Extracted data:
----

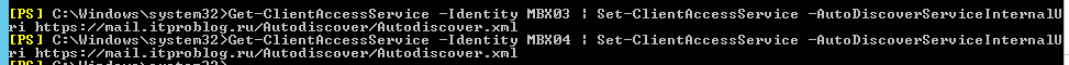 У каждой из виртуальных директория (за исключением виртуальной службы автообнаружения) в настройках необходимо указать URL адрес, который будут использовать внутренние клиенты и URL адрес, который будут использовать внешние клиенты. Этот URL адрес, может быть одинаковый как для внутренних клиентов, так и для внешних клиентов. В нашем случае будет именно так.
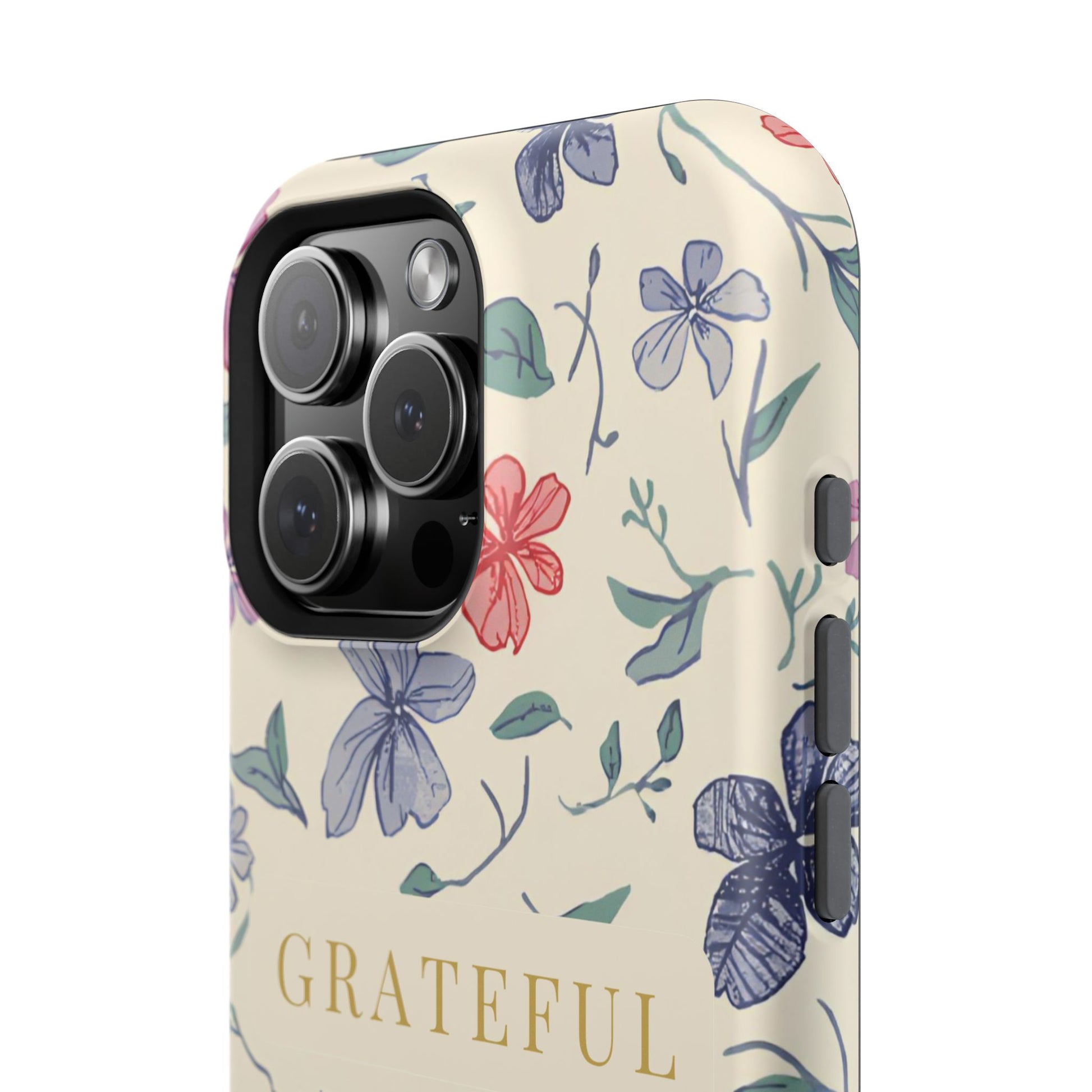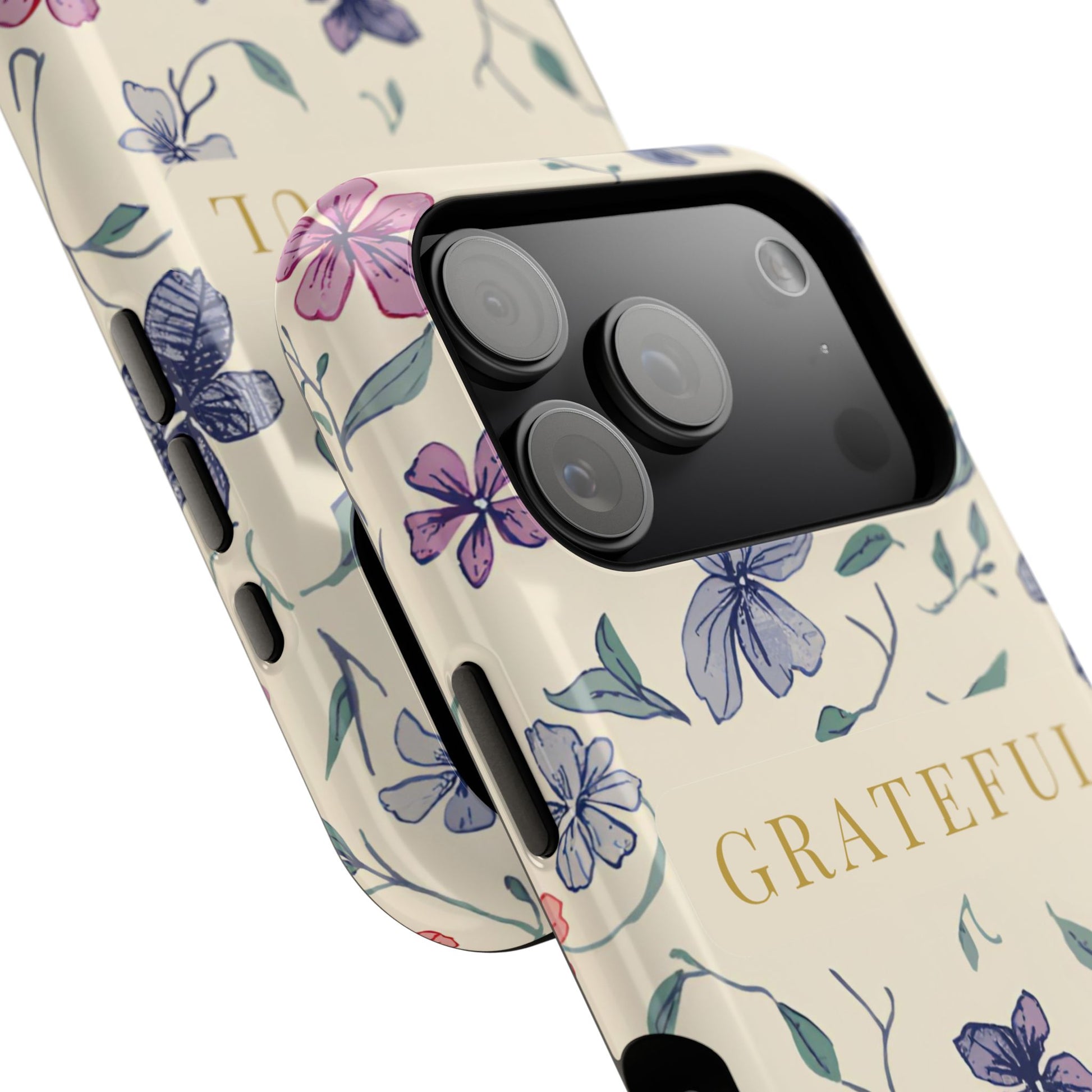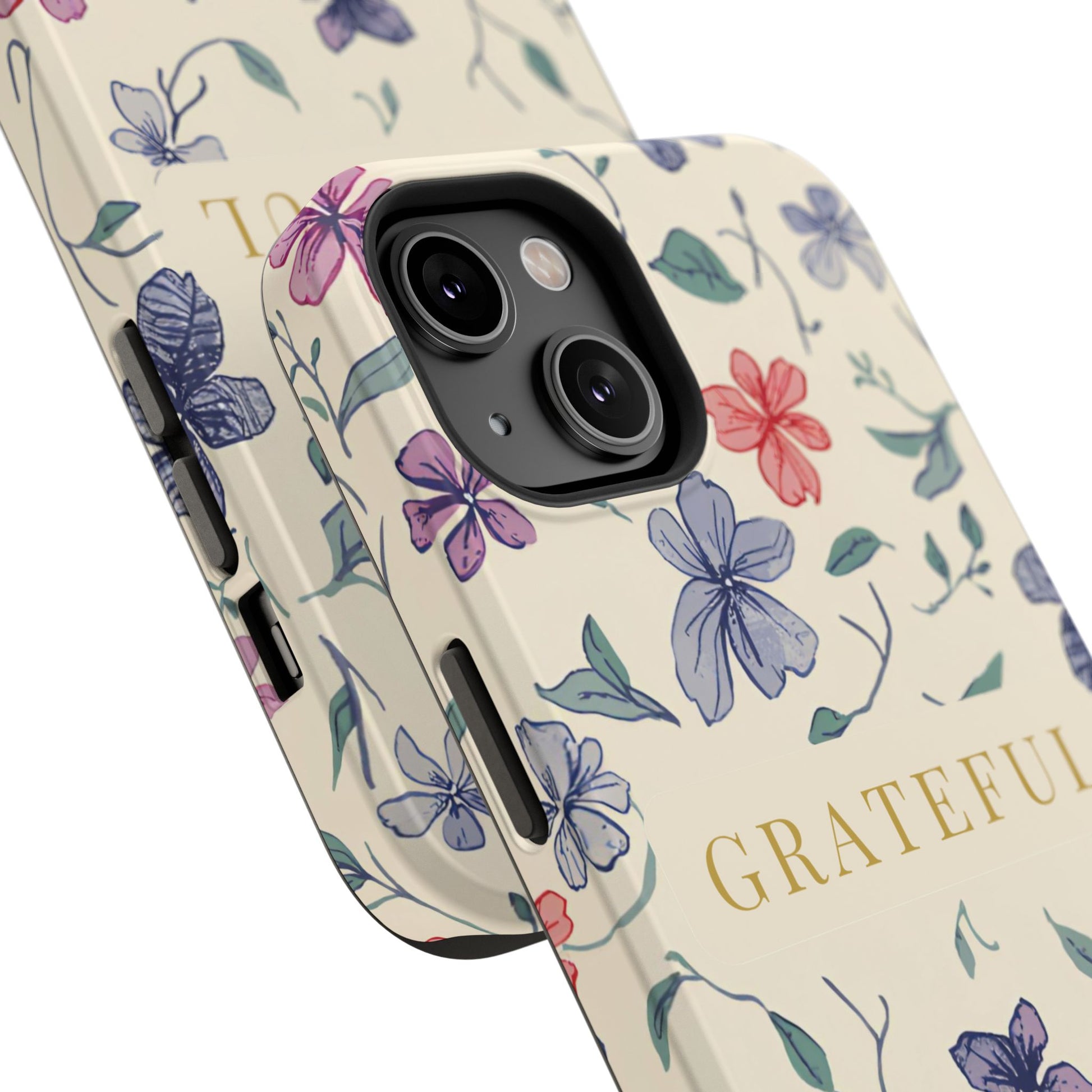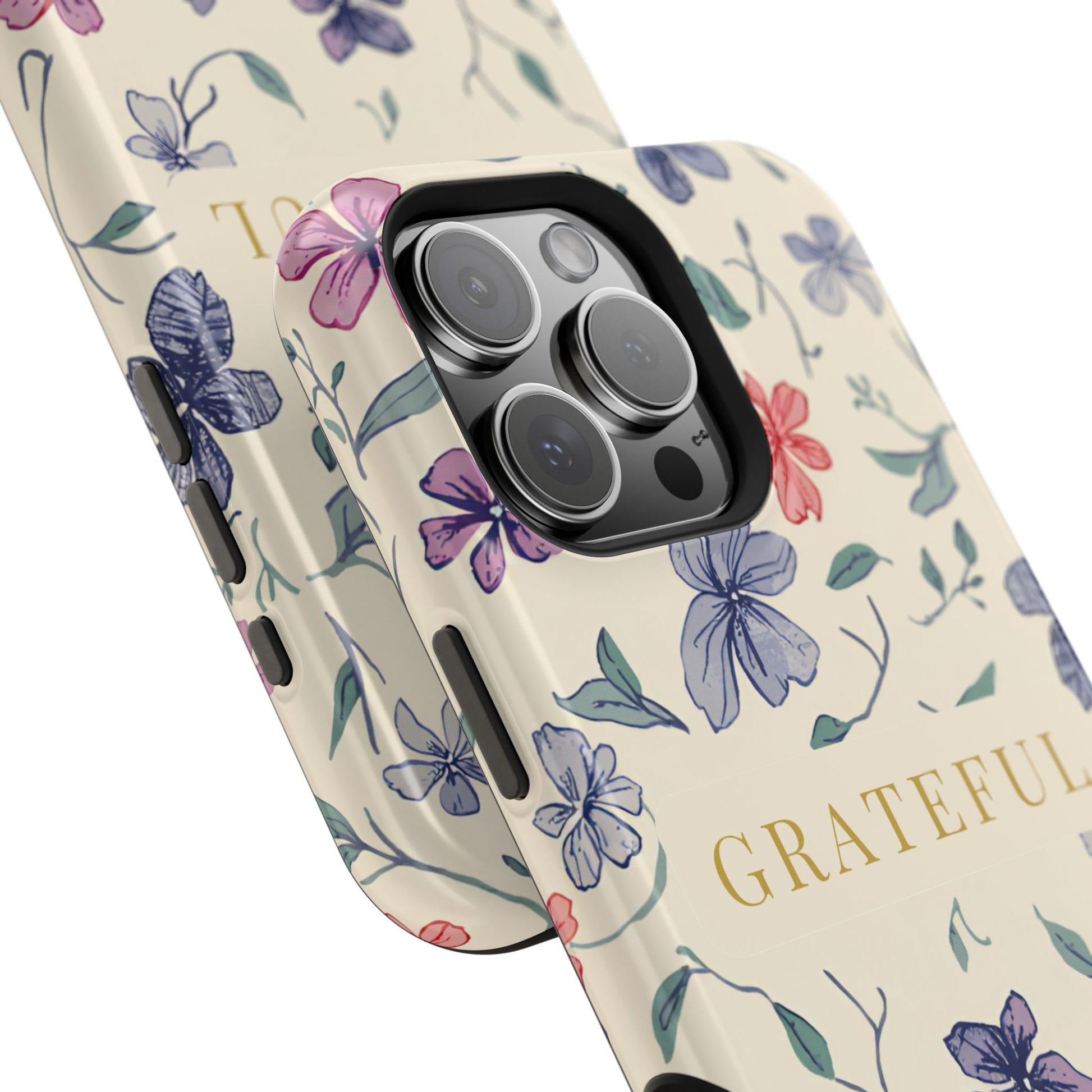 A slim, impact-resistant phone case that pairs soft, vintage-inspired watercolor florals with a quiet, gold-lettered reminder: GRATEFUL. The dual-layer design cushions against everyday bumps while the photo-realistic print wraps the sides for a continuous, artisanal look. Choose glossy for a luminous finish or matte for a subtle, modern feel. Lightweight and wireless-charging compatible, this case keeps your phone safe without hiding the personality that matters — gentle, thoughtful, and mindful in every small moment.
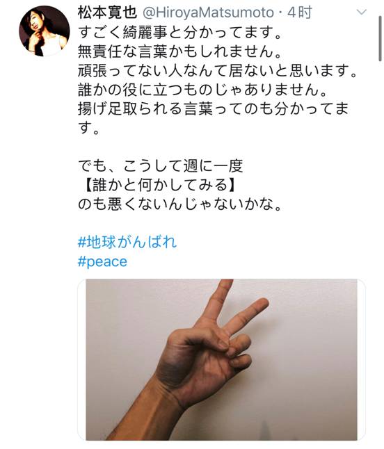 对此,活动发起者松本宽也解释了自己的初衷:“我明白这是非常华而不实的漂亮话,也许是不负责任的说法。想必没有人不在努力,我明白这种空话漏洞很多,也不能给任何人起到帮助作用。但是,我觉得像这样每周一次‘试试做些什么’也不是什么坏事。”此外,他还在推文中附了一张寓意为“和平”的手势,而这一手势也被很多参与话题的日本网友效仿,几乎成为该活动的标志性手势。
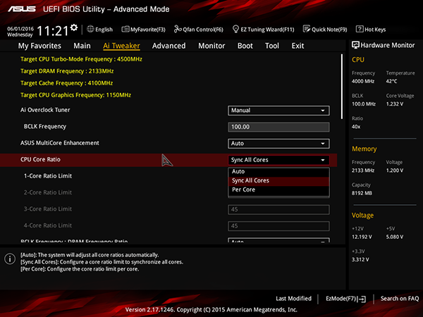 Можно задавать коэффициент умножения для каждого случая числа загруженных ядер процессора, а можно задавать коэффициент умножения одновременно для всех загруженных ядер процессора.
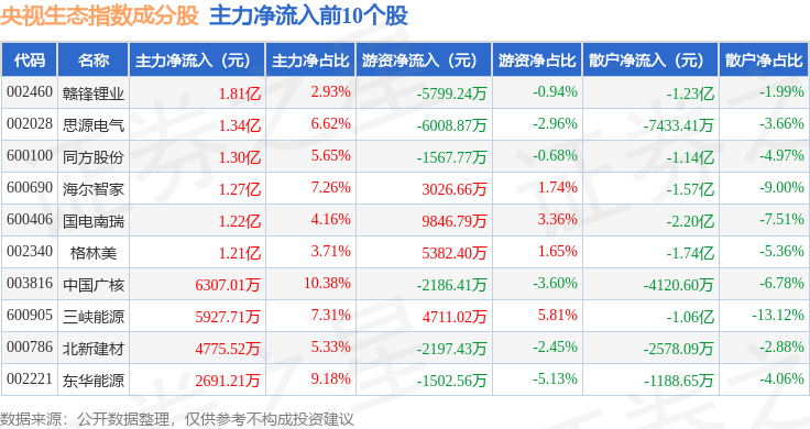 资金流向方面,央视生态(399556)指数成份股当日主力资金净流出合计69.18亿元,游资资金净流入合计4.7亿元,散户资金净流入合计64.49亿元。成份股资金流向详情见下表:

----

Problem requirements: For every entry, return its exact wording and leave out any image.

Response to this task:
 У каждой из виртуальных директория (за исключением виртуальной службы автообнаружения) в настройках необходимо указать URL адрес, который будут использовать внутренние клиенты и URL адрес, который будут использовать внешние клиенты. Этот URL адрес, может быть одинаковый как для внутренних клиентов, так и для внешних клиентов. В нашем случае будет именно так.
 A slim, impact-resistant phone case that pairs soft, vintage-inspired watercolor florals with a quiet, gold-lettered reminder: GRATEFUL. The dual-layer design cushions against everyday bumps while the photo-realistic print wraps the sides for a continuous, artisanal look. Choose glossy for a luminous finish or matte for a subtle, modern feel. Lightweight and wireless-charging compatible, this case keeps your phone safe without hiding the personality that matters — gentle, thoughtful, and mindful in every small moment.
 对此,活动发起者松本宽也解释了自己的初衷:“我明白这是非常华而不实的漂亮话,也许是不负责任的说法。想必没有人不在努力,我明白这种空话漏洞很多,也不能给任何人起到帮助作用。但是,我觉得像这样每周一次‘试试做些什么’也不是什么坏事。”此外,他还在推文中附了一张寓意为“和平”的手势,而这一手势也被很多参与话题的日本网友效仿,几乎成为该活动的标志性手势。
 Можно задавать коэффициент умножения для каждого случая числа загруженных ядер процессора, а можно задавать коэффициент умножения одновременно для всех загруженных ядер процессора.
 资金流向方面,央视生态(399556)指数成份股当日主力资金净流出合计69.18亿元,游资资金净流入合计4.7亿元,散户资金净流入合计64.49亿元。成份股资金流向详情见下表:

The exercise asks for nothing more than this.